Work item: Give back every record word for word, keeping the pictures out.

Given information:
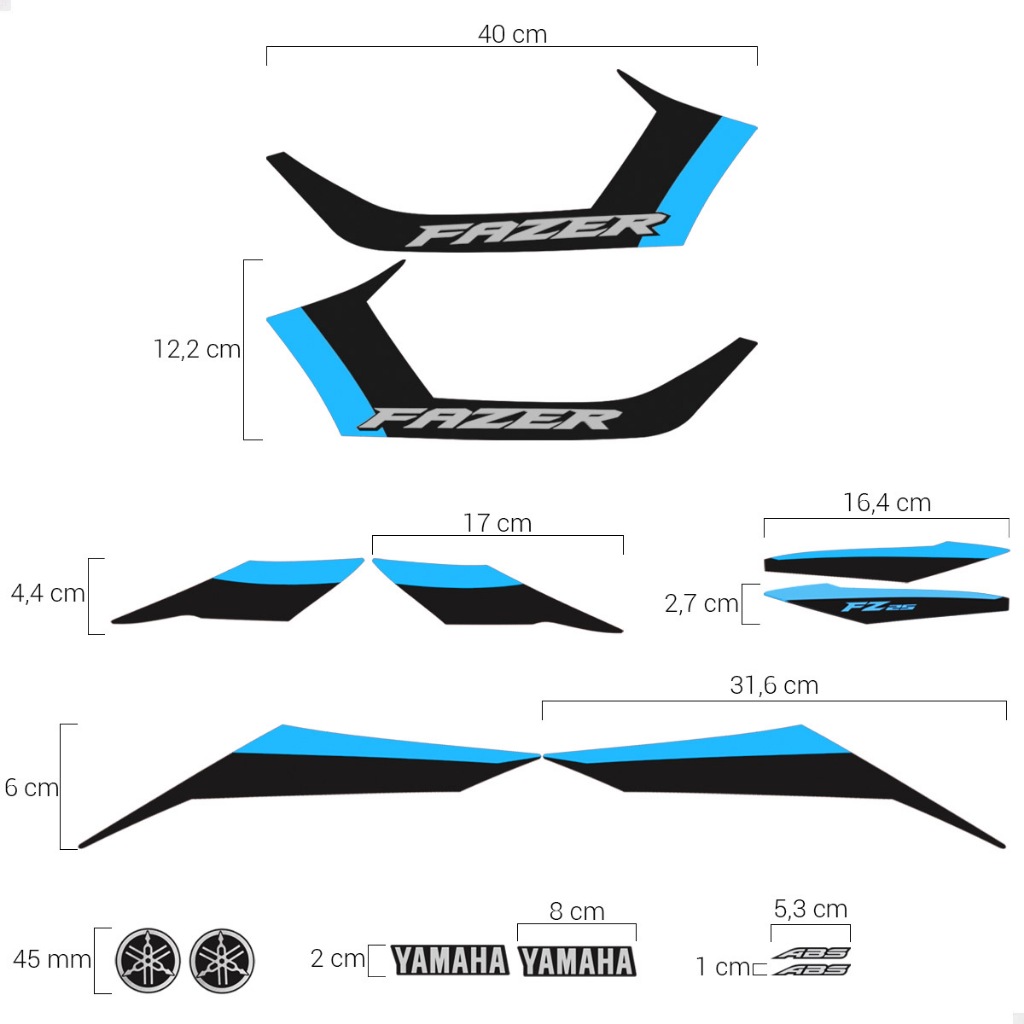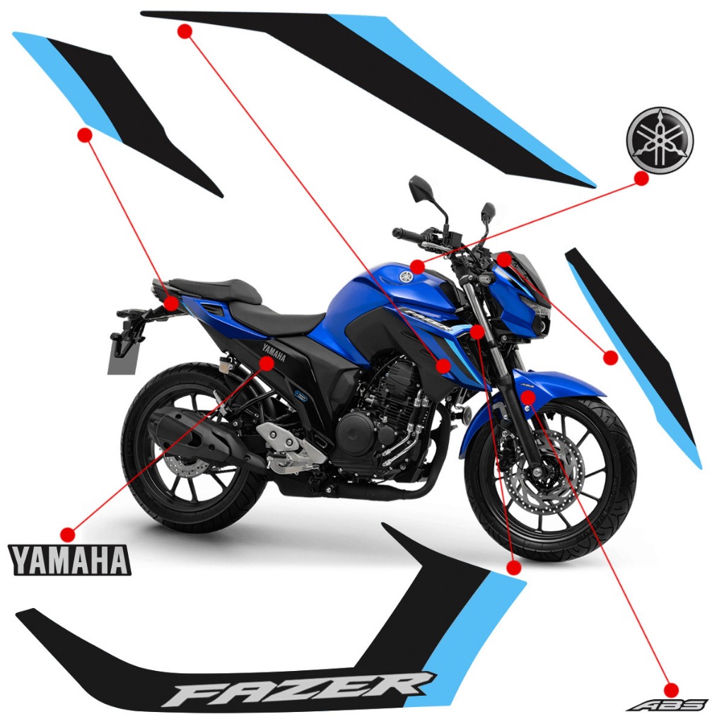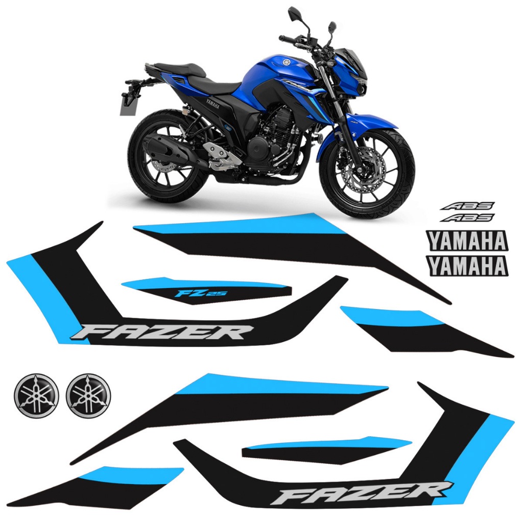 Adesivos Para Yamaha Fazer 250 FZ25 2025 Moto Azul + Logos
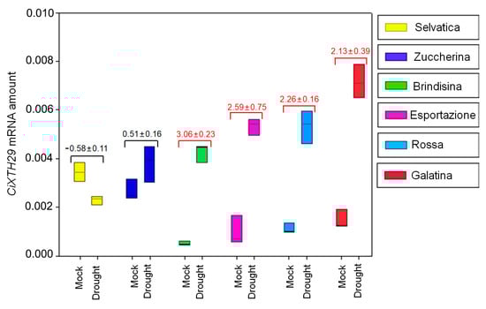 Expression pattern of the CiXTH29 gene in basal rosette leaves of 6 week-old chicory plants kept for a further 10 days with (Mock) or without watering (Drought). Amplification output values of CiXTH29 mRNAs are expressed as 2−∆Cq, and are considered as being proportional to the amount of mRNA, according to [55]. The differential expression of CiXTH29 in stressed conditions is reported as mean ± standard deviation of log2FC, with respect to the control, for each variety. The red values indicate CiXTH29’s upregulation, the black values indicate no variation in the expression levels. The experiments were performed in three independent biological replicates. The results are presented with box plots (middle bar, median; box limits, upper and lower quartiles; whiskers, min. and max. values).
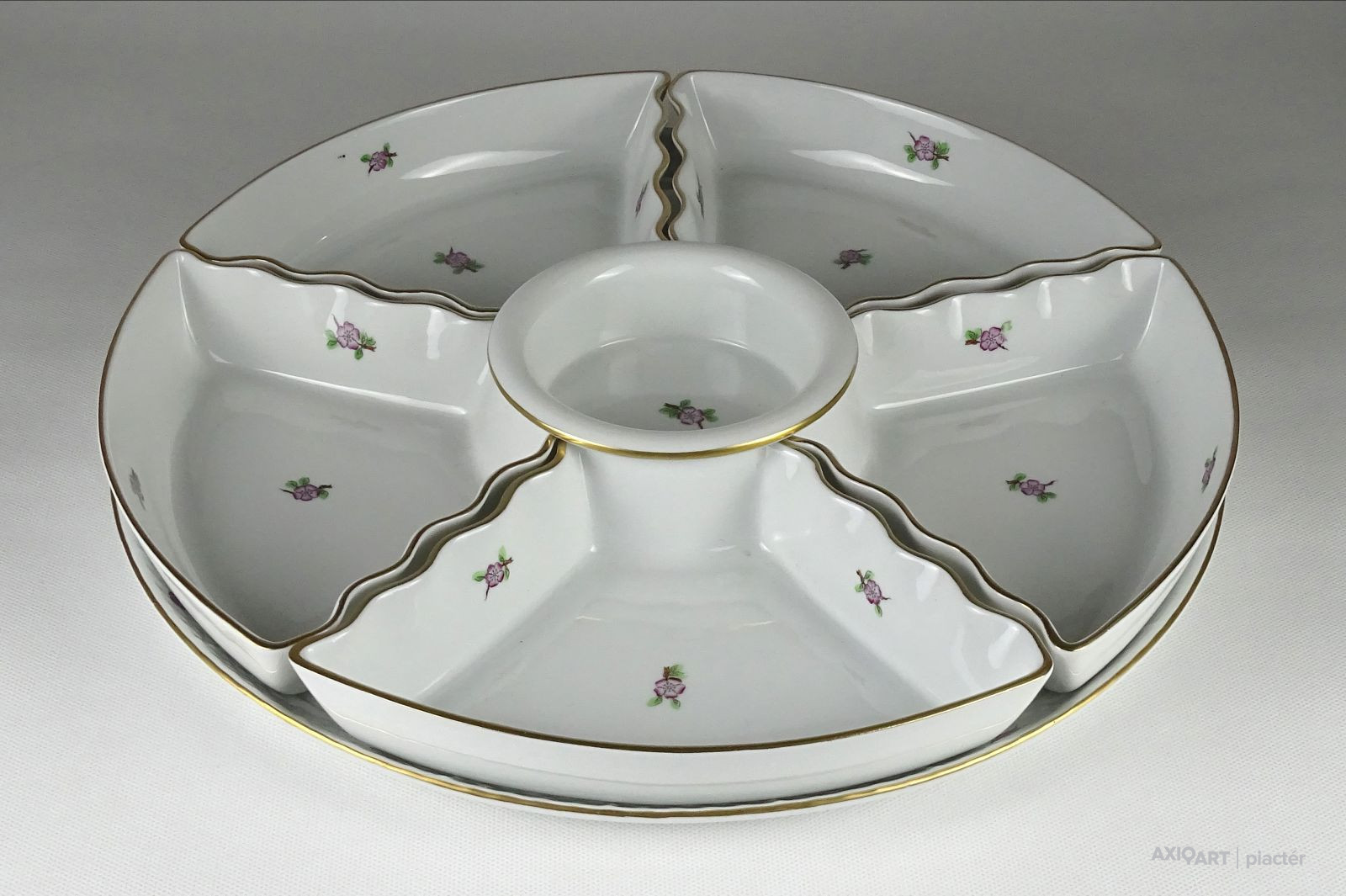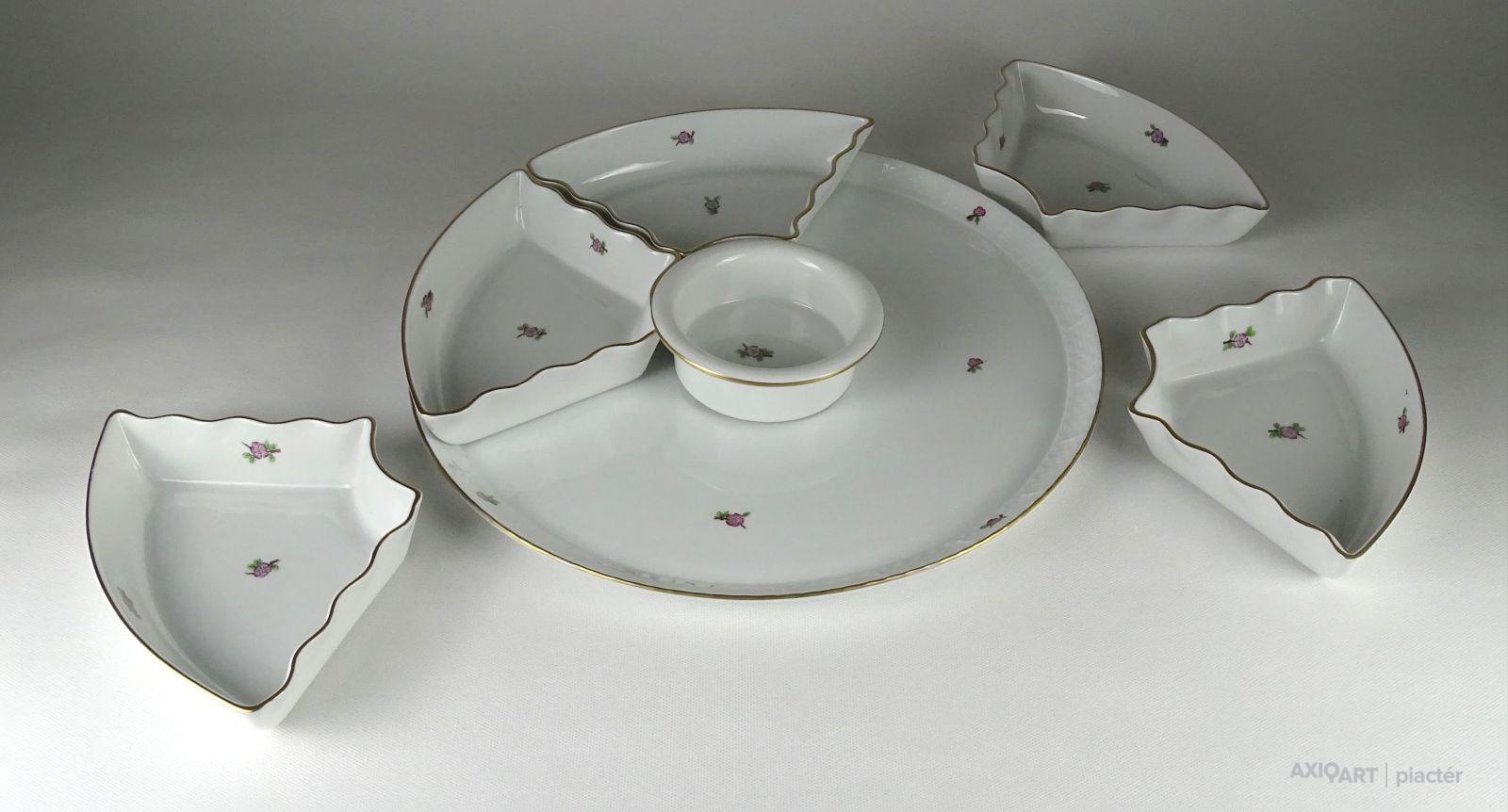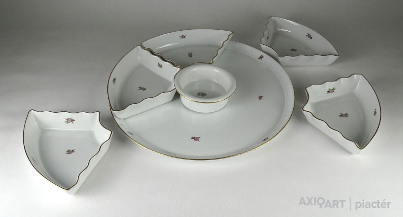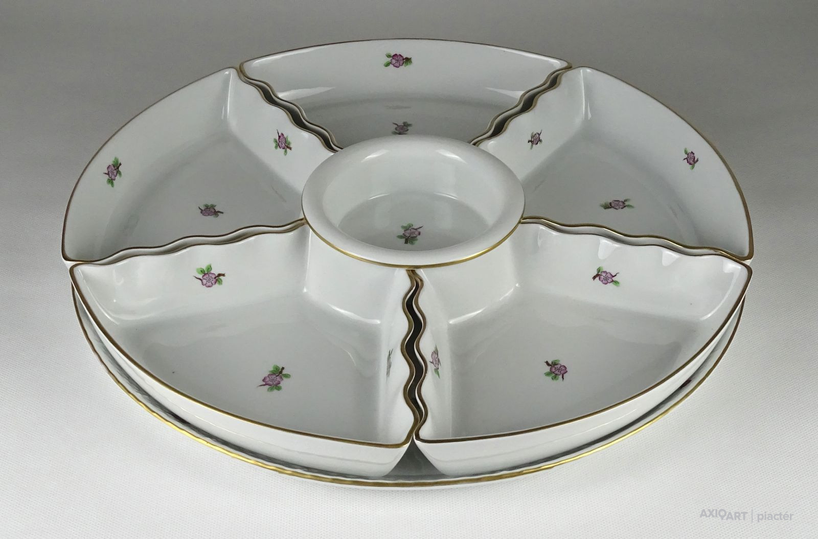 Hibátlan állapotú, kézi festésű Eton mintás Herendi porcelán kínáló tál, kivehető nassos tálkákkal.
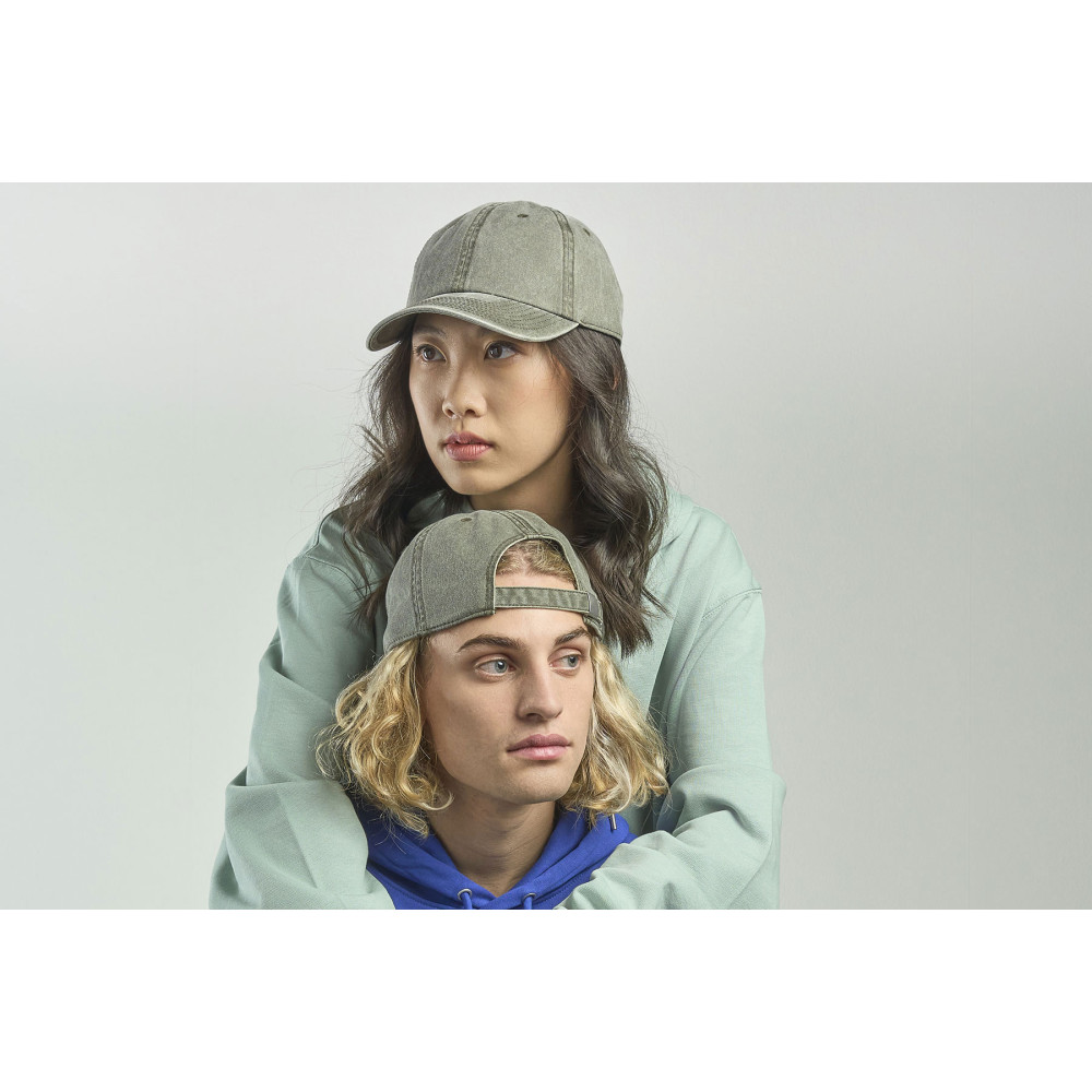 Хлопок, используемый для изготовления бейсболки DIGG, окрашивается с помощью специального порошкового пигмента, благодаря чему достигается эффект состаривания. Такой метод – делаве - фактически не окрашивает материал, а окрашивает только внешний слой, в отличие от традиционных красителей, которые полностью проникают в ткань.- 6 клиньев,- 6 вышитых люверсов,- металлическая застежка, - изогнутый козырек средней длины. 58 см - минимальный размер, с помощью застёжки его можно увеличить до необходимого.
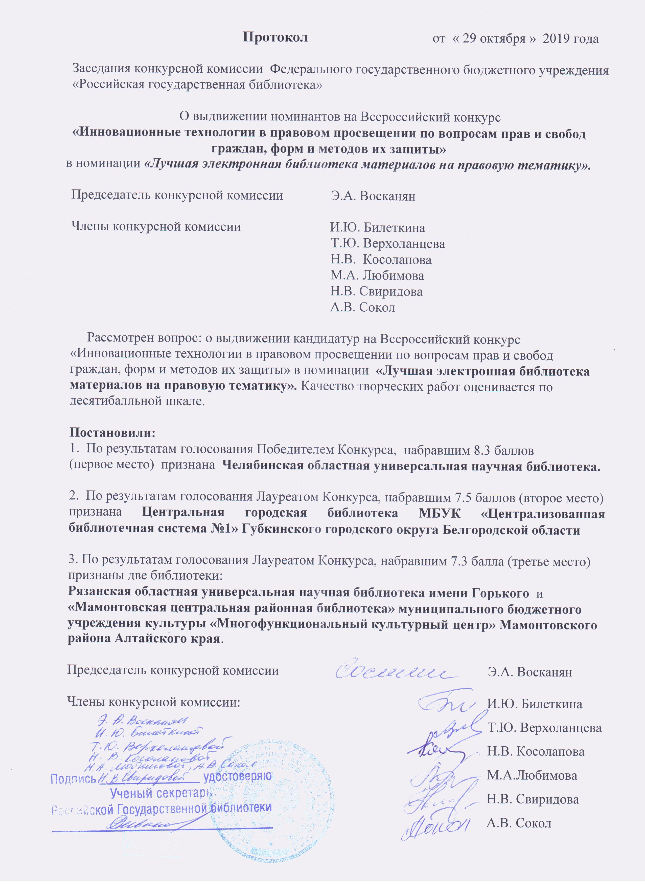 По решению жюри, в котором состояли сотрудники отдела официальных и нормативных изданий Российской государственной библиотеки, в данной номинации места распределились следующим образом.
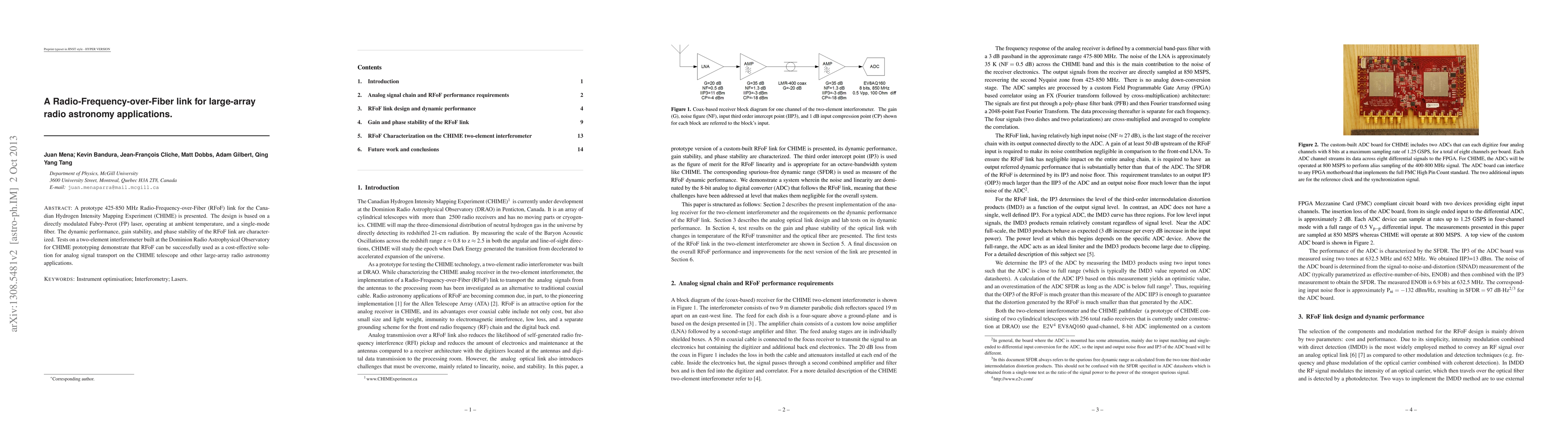This paper presents a prototype RFoF link operating between 425-850 MHz for the CHIME telescope, utilizing a directly modulated FP laser and single-mode fiber. The study demonstrates RFoF's potential as a cost-effective solution for transporting analog signals in large-array radio astronomy applications.
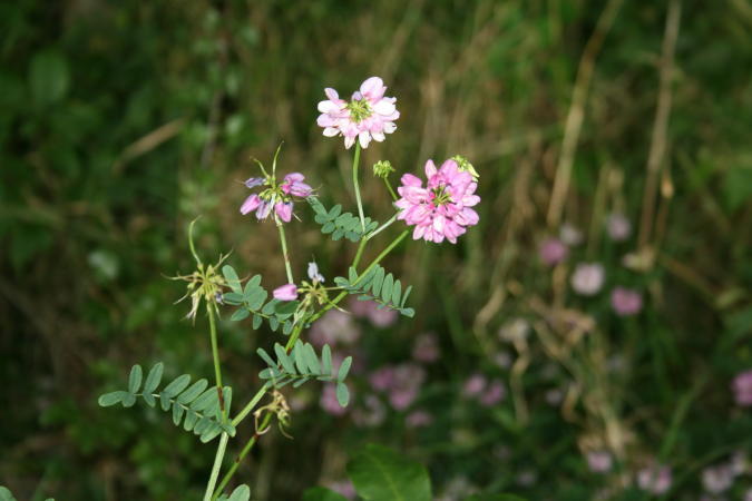 Crown Vetch (Securigera varia, formerly Coronilla varia), also called Purple Crown Vetch,Medium Tall straggly , hairless pereninal is a low-growing legume vine. The leaves are Pinnate with a terminal leaflet It has a ring of pink flowers ( flowers multicoloured Pink Liac with keel tipped blue) and the long pods break into segments. Pod 4 angled
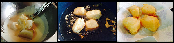 Consigli: la pastella deve essere molto fredda, una volta tirata fuori dal frigorifero mettete il contenitore della pastella a bagno con acqua e ghiaccio in modo che rimanga fredda. I contrasto con l’olio bollente è ottimale per la riuscita di un perfetto fritto croccante.

Solved exercise:
 Adesivos Para Yamaha Fazer 250 FZ25 2025 Moto Azul + Logos
 Expression pattern of the CiXTH29 gene in basal rosette leaves of 6 week-old chicory plants kept for a further 10 days with (Mock) or without watering (Drought). Amplification output values of CiXTH29 mRNAs are expressed as 2−∆Cq, and are considered as being proportional to the amount of mRNA, according to [55]. The differential expression of CiXTH29 in stressed conditions is reported as mean ± standard deviation of log2FC, with respect to the control, for each variety. The red values indicate CiXTH29’s upregulation, the black values indicate no variation in the expression levels. The experiments were performed in three independent biological replicates. The results are presented with box plots (middle bar, median; box limits, upper and lower quartiles; whiskers, min. and max. values).
 Hibátlan állapotú, kézi festésű Eton mintás Herendi porcelán kínáló tál, kivehető nassos tálkákkal.
 Хлопок, используемый для изготовления бейсболки DIGG, окрашивается с помощью специального порошкового пигмента, благодаря чему достигается эффект состаривания. Такой метод – делаве - фактически не окрашивает материал, а окрашивает только внешний слой, в отличие от традиционных красителей, которые полностью проникают в ткань.- 6 клиньев,- 6 вышитых люверсов,- металлическая застежка, - изогнутый козырек средней длины. 58 см - минимальный размер, с помощью застёжки его можно увеличить до необходимого.
 По решению жюри, в котором состояли сотрудники отдела официальных и нормативных изданий Российской государственной библиотеки, в данной номинации места распределились следующим образом.
This paper presents a prototype RFoF link operating between 425-850 MHz for the CHIME telescope, utilizing a directly modulated FP laser and single-mode fiber. The study demonstrates RFoF's potential as a cost-effective solution for transporting analog signals in large-array radio astronomy applications.
 Crown Vetch (Securigera varia, formerly Coronilla varia), also called Purple Crown Vetch,Medium Tall straggly , hairless pereninal is a low-growing legume vine. The leaves are Pinnate with a terminal leaflet It has a ring of pink flowers ( flowers multicoloured Pink Liac with keel tipped blue) and the long pods break into segments. Pod 4 angled
 Consigli: la pastella deve essere molto fredda, una volta tirata fuori dal frigorifero mettete il contenitore della pastella a bagno con acqua e ghiaccio in modo che rimanga fredda. I contrasto con l’olio bollente è ottimale per la riuscita di un perfetto fritto croccante.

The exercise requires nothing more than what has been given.